While taking advantage of any excuse to show a photograph of a pretty woman, if I go back to my previous posting I went on about how I’d been seduced by the song Rockstar by Nickelback, in particular the thread of stunning women running through the video. So I googly-wooglied the video, and came up with a fairly comprehensive list of the celebrities who appear - but not, obviously, those members of the public who put on a grand show. I was particularly taken by some celeb called Eliza Dushku – so here she is - excuse me while I ogle and drool and things......

However, towards the end of the video there’s a gorgeous looking female in a white bikini on a beach somewhere, and she’s lip synching “we’ll all stay skinny” – love to know who she is.

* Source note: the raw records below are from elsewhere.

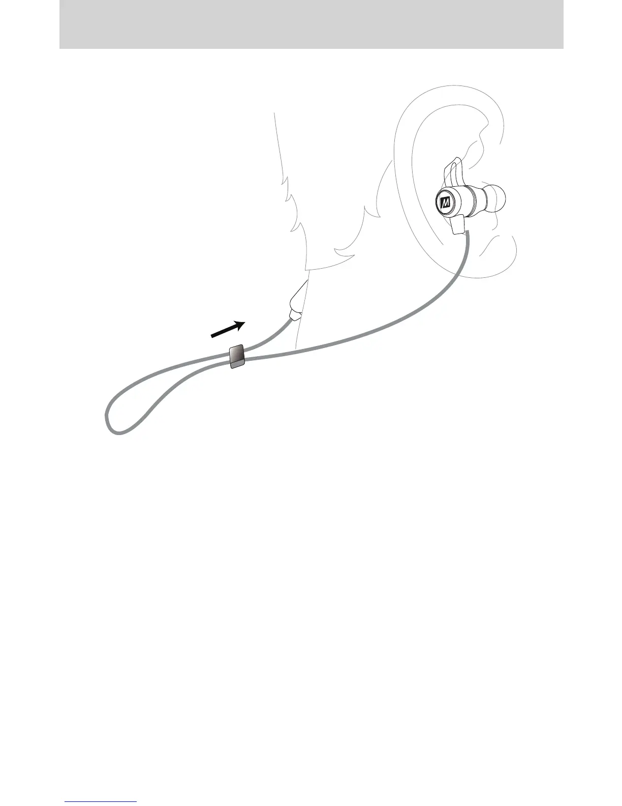步骤4 - 佩戴耳机(续): 收紧线缆滑块,将耳机固定在最稳固舒适的地方,
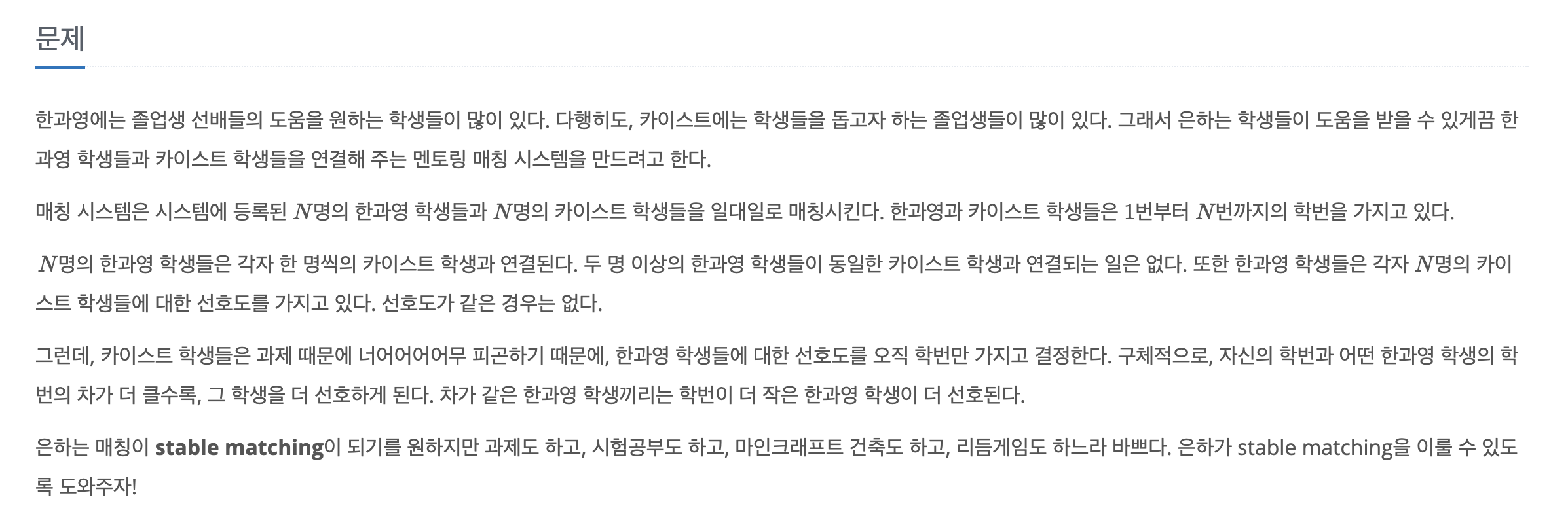 따라서, 저 조건에 맞에 카이스트 학생들의 선호도를 만들어준 후 gale-shapley 알고리즘을 사용하면 풀 수 있다. 필자는 다음과 같이 구현했다.
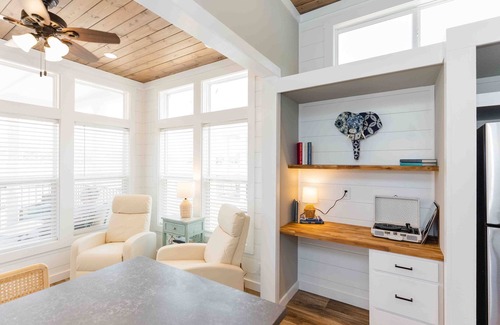 Step inside and be greeted by a thoughtfully designed space where every inch has been optimized for comfort and functionality. The sleek and chic interior features a stylish decor that exudes charm and character. Designed to sleep two, this tiny home features a king bed with luxury linens, a full bathroom with a walk-in shower and a double vanity. The well-equipped kitchenette beckons aspiring chefs to whip up delicious meals while the creature comforts such as high-speed Wi-Fi, washer and dryer, and designated parking for two vehicles, makes your home away from home a little...homier.
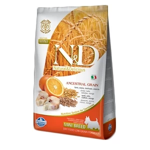 Merluzzo fresco (24% ), merluzzo disidratato (24% ), olio di pesce, farro (10% ), avena (10% ), polpa di barbabietola essiccata, fibra vegetale di pisello, carote essiccate, farina d´erba medica disidratata, inulina, fruttoligosaccaridi, mannanoligosaccaridi, arancia dolce disidratata (0.5% ), mela disidratata, melagrana in polvere, spinaci in polvere, psyllium (0.3% ), ribes in polvere, mirtilli in polvere, cloruro di sodio, lievito di birra essiccato, radice di curcuma (0.2% ), glucosamina, condroitinsolfato, estratto di fiore di Tagete (fonte di luteina).
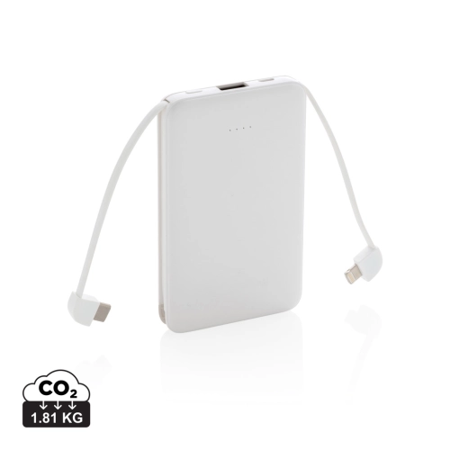 Compact and flat 5.000 mAh powerbank made out of ABS that is easy to take with you wherever you go. With the 3 in 1 integrated TPE cables the powerbank is compatible with all mobile devices in the market and directly ready for use. When fully charged it will provide you with enough energy to re-charge your mobile phone up to two times. The powerbank contains a long lasting grade A 5000 mAh high-density lithium polymer battery. The power indicators will indicate the remaining energy level so you always know when to re-charge. Input: 5V/2A Output 5V/2A.
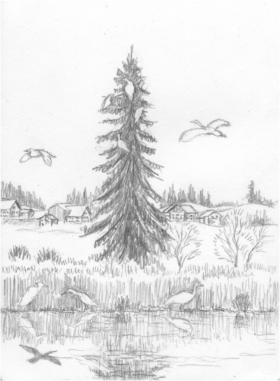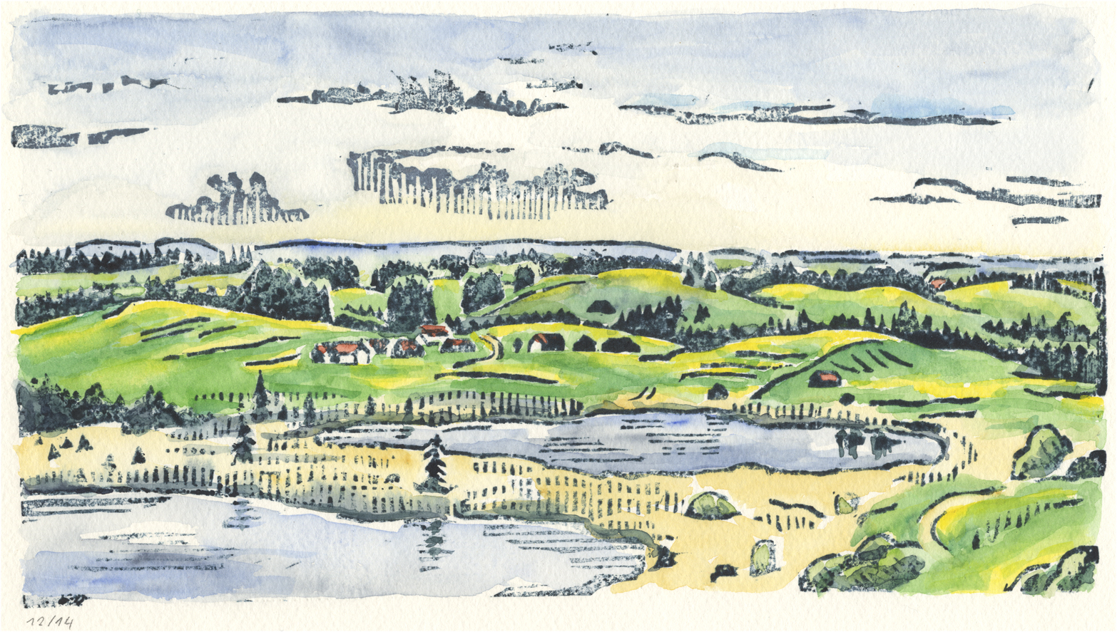 Farbholzschnitt Seeger Seen, zur Zeit der Löwenzahnblüte |
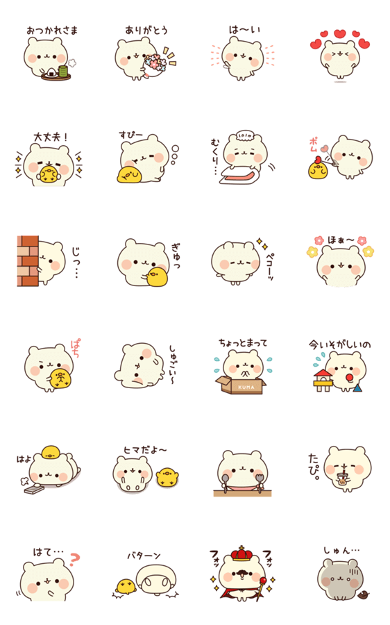 マイペースなシロクマさんとお友達のヒヨコさんのスタンプです♪挨拶やリアクションなど、日常で使いやすいものが入っています!
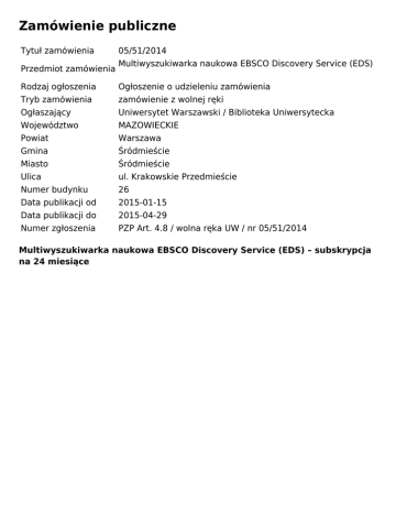 Zamówienie publiczne Tytuł zamówienia Przedmiot zamówienia 05/51/2014 Multiwyszukiwarka naukowa EBSCO Discovery Service (EDS) Rodzaj ogłoszenia Ogłoszenie o udzieleniu zamówienia Tryb zamówienia zamówienie z wolnej ręki Ogłaszający Uniwersytet Warszawski / Biblioteka Uniwersytecka Województwo MAZOWIECKIE Powiat Warszawa Gmina Śródmieście Miasto Śródmieście Ulica ul. Krakowskie Przedmieście Numer budynku 26 Data publikacji od 2015-01-15 Data publikacji do 2015-04-29 Numer zgłoszenia PZP Art. 4.8 / wolna ręka UW / nr 05/51/2014 Multiwyszukiwarka naukowa EBSCO Discovery Service (EDS) – subskrypcja na 24 miesiące

SMILES OF THE WEEK: Down at the Crazy Horsepower the other late afternoon, I notice Dai Version busily doing something with a ‘box’ on a table in the corner. Suddenly, wafting under my nose is the seductive smell of toast. I peer across the bar ... Dai Version has plugged in a toaster and is busily toasting away. I don’t believe it. How many pubs in the land would have one of the locals busy making toast while the rain pours outside. My smile is cinemascopic. He eventually comes round with a plateful and offers the crowd some – I accept a piece – I could live on toast if crunch came to crumbs – then Dai Version quietly tucks in to a feast at the bar. Intrigued, I discover that he's had some problems with the toaster (or perhaps it could be the electrics in the tepee), so he's brought it with him to the pub for a bit of testing, testing, the Crazy HP having kindly provided the bread and the butter and the power as part of the service.

I'm reminded of a Gary Larson Far Side cartoon, where a couple of pieces of thick-sliced bread are standing near a gate leading to a property and having an animated conversation (they are clearly meant to be adventurous young children), but one is nervously saying to the other: "I dunno, Andy ... Mom said we were never to go near the old Sutter place." As our eyes go through the gate and up the path, there stands a caravan - which is unmistakably a rather large toaster. Very funny - yet truth is infinitely more entertaining than fiction.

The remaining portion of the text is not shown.